By Liangping Gao and Clare Jim
BEIJING/HONG KONG (Reuters) – A Chinese real estate think tank owned by KE Holdings on Thursday apologized for sparking a “heated public debate” with its report on rising home vacancy rates in China, and said its assessment may not be accurate enough.
The apology comes at a time when policymakers are urging banks to lend to real estate companies and local governments are relaxing down payment rules for home purchases as sales and confidence falter amid weak macroeconomic conditions.
A growing debt crisis in the real estate sector, which accounts for a quarter of the world’s second largest economy, has also increased the risk of social instability.
The Beike Research Institute released a report Aug. 5 after conducting a survey warning of oversupply due to high vacancy rates in major Chinese cities.
According to the report, the average vacancy rate in 28 major cities is higher than in the United States, Canada, France, Australia and the United Kingdom, with a vacancy rate of 7% in Tier 1 cities, including Beijing, and 12% in Tier 2 cities .
However, a statement published on its WeChat account on Thursday said the methodology used resulted in inaccurate data.
“The survey takes as an indicator whether an apartment has been unoccupied for three months, which does not fully reflect the actual situation,” it said.
Issues highlighted included discrepancies in survey responses, sampling and procedures were not standardized enough, coverage was not as comprehensive, and some data was incorrectly collected.
“We will verify the accuracy of the data with the housing, water and electricity departments,” it said.

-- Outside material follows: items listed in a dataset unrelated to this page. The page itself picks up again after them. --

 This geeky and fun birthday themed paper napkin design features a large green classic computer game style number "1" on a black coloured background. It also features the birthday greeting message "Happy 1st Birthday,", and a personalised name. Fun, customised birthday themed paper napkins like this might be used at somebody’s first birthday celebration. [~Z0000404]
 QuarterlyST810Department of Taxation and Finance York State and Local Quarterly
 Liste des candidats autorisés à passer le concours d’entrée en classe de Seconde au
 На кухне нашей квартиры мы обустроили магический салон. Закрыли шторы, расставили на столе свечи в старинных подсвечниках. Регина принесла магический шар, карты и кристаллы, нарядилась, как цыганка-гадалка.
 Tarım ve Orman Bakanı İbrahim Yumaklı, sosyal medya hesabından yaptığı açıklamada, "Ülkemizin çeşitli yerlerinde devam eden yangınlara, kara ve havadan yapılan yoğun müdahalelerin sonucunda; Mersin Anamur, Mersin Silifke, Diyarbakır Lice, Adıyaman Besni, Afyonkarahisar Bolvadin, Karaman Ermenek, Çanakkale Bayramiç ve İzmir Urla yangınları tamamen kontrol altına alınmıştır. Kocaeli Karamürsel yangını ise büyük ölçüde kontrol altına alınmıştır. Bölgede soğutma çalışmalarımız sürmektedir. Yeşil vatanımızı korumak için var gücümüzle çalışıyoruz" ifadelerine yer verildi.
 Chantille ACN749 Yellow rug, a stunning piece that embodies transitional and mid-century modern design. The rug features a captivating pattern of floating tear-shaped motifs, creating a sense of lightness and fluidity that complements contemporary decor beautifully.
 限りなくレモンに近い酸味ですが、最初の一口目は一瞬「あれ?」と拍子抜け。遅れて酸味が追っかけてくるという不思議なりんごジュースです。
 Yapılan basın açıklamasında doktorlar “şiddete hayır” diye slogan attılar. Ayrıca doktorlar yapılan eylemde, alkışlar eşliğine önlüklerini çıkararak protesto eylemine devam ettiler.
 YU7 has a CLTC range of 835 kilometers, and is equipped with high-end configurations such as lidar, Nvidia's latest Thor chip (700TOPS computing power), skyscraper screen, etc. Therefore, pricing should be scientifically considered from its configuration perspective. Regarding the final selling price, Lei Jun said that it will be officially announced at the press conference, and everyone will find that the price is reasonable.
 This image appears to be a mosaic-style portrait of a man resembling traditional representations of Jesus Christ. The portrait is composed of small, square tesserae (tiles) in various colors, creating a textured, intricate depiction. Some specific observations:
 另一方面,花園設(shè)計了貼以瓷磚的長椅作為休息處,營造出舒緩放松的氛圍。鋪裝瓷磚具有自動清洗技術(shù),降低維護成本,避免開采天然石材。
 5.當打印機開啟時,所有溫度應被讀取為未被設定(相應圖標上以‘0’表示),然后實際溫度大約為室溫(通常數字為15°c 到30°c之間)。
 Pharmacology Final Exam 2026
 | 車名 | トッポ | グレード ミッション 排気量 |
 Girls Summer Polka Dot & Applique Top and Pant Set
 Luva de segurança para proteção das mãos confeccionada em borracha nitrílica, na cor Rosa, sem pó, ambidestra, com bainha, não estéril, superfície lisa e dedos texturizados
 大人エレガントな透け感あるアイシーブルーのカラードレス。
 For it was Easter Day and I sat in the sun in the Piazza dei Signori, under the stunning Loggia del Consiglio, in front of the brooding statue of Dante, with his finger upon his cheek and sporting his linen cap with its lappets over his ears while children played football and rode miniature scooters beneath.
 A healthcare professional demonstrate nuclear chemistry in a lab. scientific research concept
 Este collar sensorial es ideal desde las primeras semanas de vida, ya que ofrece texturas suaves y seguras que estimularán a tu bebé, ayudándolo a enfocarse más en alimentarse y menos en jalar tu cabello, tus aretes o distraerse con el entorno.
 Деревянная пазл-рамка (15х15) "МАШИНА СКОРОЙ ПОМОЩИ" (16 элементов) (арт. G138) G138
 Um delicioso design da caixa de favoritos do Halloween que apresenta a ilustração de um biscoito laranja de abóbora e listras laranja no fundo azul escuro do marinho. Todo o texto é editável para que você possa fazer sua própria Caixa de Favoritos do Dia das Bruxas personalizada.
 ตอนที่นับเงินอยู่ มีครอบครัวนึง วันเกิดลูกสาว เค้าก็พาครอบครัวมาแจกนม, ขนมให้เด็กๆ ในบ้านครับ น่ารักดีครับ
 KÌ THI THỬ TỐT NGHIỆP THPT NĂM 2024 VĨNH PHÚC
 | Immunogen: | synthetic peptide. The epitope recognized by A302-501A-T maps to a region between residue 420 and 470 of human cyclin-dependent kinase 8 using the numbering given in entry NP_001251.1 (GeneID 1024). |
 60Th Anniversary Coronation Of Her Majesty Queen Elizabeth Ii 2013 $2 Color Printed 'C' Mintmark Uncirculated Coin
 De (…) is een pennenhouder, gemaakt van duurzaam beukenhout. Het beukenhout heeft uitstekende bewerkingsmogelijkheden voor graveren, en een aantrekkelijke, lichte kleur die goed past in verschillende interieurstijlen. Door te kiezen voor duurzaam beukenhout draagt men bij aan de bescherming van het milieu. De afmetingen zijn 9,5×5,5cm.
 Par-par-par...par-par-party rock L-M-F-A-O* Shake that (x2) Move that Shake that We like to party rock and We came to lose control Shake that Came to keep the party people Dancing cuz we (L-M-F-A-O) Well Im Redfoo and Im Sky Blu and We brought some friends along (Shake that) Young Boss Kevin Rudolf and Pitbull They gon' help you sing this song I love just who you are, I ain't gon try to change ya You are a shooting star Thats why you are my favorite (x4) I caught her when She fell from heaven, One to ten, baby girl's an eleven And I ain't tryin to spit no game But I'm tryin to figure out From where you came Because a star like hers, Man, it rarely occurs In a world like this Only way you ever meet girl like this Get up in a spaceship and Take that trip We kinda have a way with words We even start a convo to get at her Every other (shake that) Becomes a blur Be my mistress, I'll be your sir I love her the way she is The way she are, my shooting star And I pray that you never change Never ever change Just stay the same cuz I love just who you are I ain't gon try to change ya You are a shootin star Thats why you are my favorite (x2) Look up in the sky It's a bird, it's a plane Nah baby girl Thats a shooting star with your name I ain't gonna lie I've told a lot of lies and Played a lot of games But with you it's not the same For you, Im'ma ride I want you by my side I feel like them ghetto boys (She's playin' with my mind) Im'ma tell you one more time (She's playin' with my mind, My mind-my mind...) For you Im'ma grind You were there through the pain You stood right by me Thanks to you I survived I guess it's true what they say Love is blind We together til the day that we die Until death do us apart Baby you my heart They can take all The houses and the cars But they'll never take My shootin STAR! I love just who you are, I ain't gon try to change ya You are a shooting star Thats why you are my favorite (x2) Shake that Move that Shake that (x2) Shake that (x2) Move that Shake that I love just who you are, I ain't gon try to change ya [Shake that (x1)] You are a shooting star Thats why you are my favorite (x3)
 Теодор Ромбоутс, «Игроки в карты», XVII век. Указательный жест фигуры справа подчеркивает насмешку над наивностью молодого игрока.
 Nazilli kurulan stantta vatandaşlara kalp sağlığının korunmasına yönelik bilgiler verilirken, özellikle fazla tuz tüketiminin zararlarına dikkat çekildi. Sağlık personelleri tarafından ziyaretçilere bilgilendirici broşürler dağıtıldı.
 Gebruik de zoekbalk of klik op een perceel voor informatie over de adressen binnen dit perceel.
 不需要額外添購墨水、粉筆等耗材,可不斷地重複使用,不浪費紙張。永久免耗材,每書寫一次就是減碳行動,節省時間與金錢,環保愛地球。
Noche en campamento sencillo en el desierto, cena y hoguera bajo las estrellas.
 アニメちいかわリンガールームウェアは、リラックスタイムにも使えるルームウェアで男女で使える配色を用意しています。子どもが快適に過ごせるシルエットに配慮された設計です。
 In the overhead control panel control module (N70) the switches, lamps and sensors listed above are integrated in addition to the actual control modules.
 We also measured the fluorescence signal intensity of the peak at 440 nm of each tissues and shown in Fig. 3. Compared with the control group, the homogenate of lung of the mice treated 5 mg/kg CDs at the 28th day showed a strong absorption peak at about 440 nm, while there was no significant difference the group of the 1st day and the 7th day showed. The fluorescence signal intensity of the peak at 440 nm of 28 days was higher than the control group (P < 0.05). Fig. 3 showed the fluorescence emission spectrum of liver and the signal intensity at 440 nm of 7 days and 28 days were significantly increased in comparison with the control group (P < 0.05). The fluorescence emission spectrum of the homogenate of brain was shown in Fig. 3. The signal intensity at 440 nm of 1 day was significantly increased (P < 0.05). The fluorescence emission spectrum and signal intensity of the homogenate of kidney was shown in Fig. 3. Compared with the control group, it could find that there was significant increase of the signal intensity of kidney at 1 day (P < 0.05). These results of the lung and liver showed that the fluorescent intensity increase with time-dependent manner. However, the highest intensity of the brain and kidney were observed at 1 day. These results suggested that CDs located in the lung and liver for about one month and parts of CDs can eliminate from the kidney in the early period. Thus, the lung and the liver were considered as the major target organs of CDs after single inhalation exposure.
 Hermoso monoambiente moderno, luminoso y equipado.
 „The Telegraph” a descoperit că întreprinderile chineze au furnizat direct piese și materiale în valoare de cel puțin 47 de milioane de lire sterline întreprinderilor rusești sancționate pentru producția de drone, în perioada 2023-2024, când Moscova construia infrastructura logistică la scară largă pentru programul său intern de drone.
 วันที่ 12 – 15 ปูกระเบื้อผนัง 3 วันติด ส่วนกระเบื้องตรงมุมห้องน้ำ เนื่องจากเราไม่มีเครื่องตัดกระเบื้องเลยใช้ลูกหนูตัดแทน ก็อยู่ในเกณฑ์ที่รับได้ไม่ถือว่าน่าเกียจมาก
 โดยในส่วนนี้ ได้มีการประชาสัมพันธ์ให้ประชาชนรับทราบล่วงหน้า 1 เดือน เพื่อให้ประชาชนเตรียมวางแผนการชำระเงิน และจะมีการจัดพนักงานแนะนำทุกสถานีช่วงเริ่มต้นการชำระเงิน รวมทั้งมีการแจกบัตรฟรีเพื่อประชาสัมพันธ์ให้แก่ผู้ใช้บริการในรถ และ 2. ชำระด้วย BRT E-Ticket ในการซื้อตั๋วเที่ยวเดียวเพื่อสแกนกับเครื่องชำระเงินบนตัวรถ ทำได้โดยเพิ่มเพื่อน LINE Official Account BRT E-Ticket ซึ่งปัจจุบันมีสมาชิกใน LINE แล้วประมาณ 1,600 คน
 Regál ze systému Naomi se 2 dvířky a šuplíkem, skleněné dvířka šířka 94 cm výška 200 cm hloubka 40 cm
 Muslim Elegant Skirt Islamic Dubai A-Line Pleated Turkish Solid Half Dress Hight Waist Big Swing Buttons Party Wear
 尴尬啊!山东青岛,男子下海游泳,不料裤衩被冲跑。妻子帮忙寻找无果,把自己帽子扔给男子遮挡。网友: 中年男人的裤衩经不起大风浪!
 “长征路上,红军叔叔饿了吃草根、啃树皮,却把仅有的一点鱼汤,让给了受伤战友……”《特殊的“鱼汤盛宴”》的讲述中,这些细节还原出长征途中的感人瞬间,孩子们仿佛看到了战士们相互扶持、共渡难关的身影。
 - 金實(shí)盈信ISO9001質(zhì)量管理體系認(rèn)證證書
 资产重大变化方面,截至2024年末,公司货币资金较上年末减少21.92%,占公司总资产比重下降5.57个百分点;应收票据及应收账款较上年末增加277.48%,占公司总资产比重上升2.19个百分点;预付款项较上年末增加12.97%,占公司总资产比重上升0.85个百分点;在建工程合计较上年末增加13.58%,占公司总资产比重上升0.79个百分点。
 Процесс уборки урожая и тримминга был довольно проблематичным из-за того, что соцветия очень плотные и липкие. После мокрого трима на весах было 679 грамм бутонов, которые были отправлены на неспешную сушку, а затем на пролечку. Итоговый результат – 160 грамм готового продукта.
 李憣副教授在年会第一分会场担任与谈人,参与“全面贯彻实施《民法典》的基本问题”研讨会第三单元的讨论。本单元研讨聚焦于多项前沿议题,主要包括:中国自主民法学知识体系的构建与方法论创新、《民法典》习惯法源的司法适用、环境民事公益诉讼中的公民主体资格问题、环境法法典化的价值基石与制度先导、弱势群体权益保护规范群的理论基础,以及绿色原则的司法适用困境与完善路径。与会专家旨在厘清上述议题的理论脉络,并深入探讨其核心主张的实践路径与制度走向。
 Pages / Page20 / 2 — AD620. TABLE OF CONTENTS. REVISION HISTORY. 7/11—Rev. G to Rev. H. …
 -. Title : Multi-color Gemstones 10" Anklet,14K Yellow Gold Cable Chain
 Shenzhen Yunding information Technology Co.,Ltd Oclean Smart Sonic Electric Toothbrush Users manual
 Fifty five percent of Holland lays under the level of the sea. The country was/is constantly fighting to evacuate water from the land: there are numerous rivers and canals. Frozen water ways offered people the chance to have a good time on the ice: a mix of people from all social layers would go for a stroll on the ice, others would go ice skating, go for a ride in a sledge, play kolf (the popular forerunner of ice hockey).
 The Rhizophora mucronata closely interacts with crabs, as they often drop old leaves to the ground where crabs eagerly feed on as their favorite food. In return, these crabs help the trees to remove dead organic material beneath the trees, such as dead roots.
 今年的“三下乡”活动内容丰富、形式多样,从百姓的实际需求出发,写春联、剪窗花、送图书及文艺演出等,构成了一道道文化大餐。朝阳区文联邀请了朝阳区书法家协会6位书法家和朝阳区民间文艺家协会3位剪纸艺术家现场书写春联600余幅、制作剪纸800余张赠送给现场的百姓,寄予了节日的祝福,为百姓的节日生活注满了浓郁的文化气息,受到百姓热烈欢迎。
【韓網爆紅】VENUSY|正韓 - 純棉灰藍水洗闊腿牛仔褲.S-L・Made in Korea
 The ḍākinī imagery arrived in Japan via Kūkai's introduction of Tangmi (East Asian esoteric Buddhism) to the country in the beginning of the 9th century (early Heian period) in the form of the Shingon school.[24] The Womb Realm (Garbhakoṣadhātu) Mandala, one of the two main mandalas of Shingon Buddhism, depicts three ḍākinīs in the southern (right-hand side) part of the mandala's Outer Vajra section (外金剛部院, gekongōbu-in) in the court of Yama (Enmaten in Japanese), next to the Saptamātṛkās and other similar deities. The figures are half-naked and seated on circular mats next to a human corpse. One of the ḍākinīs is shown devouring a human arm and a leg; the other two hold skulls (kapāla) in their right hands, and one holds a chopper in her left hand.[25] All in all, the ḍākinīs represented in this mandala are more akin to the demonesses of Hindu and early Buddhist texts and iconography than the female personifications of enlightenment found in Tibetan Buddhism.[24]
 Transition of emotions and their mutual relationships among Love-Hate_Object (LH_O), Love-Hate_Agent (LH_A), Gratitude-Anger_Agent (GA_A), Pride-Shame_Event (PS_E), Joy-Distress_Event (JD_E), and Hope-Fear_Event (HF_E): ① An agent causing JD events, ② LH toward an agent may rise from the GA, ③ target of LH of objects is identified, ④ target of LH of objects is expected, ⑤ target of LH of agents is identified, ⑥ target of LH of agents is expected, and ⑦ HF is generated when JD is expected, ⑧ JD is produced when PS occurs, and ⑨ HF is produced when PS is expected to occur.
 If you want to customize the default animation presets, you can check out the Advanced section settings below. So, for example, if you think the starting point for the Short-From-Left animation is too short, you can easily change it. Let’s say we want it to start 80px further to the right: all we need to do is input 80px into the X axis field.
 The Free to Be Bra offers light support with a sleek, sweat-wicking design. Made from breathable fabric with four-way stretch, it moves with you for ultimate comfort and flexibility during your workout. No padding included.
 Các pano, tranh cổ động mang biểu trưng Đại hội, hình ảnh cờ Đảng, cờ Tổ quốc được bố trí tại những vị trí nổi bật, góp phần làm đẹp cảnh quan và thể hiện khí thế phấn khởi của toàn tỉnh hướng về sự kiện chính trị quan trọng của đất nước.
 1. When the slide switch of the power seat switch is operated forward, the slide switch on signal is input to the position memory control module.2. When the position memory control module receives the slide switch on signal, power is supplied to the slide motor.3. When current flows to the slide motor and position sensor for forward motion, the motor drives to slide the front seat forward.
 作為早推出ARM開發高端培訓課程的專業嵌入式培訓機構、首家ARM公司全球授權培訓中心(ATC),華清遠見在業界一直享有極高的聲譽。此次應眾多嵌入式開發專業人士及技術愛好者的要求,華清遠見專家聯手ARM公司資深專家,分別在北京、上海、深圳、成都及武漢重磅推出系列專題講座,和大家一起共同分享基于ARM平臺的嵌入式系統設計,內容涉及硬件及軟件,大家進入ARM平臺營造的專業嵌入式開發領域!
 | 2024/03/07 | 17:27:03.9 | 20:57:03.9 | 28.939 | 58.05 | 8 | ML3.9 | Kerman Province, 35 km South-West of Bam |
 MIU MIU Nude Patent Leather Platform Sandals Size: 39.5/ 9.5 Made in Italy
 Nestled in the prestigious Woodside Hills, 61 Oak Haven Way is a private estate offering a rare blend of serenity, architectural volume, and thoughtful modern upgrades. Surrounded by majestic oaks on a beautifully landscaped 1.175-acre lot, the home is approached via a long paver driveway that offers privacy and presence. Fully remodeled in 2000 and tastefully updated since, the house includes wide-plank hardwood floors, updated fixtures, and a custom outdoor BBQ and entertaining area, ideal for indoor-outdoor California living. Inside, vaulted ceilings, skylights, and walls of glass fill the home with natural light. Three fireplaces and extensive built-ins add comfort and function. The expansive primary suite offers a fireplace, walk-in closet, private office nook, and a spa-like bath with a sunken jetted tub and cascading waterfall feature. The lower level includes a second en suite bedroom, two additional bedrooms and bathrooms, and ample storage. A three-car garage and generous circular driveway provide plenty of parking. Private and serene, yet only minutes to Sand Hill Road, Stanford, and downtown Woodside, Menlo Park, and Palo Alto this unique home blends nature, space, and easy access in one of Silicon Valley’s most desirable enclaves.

The report could worsen sentiment in the troubled housing market, where some cash-strapped developers have defaulted on loans and bond repayments and homebuyers in several cities have refused to pay their mortgages over unfinished homes.
Beike declined to comment further when contacted by Reuters. The report is no longer available on his official WeChat account.
China does not provide official data on housing vacancy rates, and researchers’ findings are mixed.
Southwestern University of Finance and Economics in Chengdu, Sichuan, said in a 2018 report that the housing vacancy rate in urban areas nationwide was 21.4% in 2017, up from 18.4% in 2011. She cited Data from their China Household Finance Survey and the National Bureau of Statistics.
Investment bank China International Capital Corporation Limited estimated the vacancy rate in urban areas at 12.1% in 2017 in a report.
She put the rate for non-village cities at 9.7%, which was “significantly lower” than mature markets like the United States and Japan.
Zhang Dawei, chief analyst at real estate agency Centaline, said the vacancy rate should be released by the government.
“It is impossible for a private institution to obtain genuine data, such data must be released with caution, which easily leads to market panic,” Zhang said.
A Tuesday Weibo post by financial news agency Yicai citing the report showed 56,000 likes and 6,017 comments in one day.
Others suggested that more needs to be done to bring prices down.
“The real estate market is in a state of deformity, resulting in ridiculously high prices and vacant homes in many places,” commented one netizen.
“If prices don’t go down, it will be difficult to increase people’s sense of harmony,” lamented another.
In another thread with the hashtag “Beike’s apologies for high vacancy rate,” which garnered over 38 million hits by the afternoon, a netizen said, “(Beike）has received a warning from the relevant authorities.”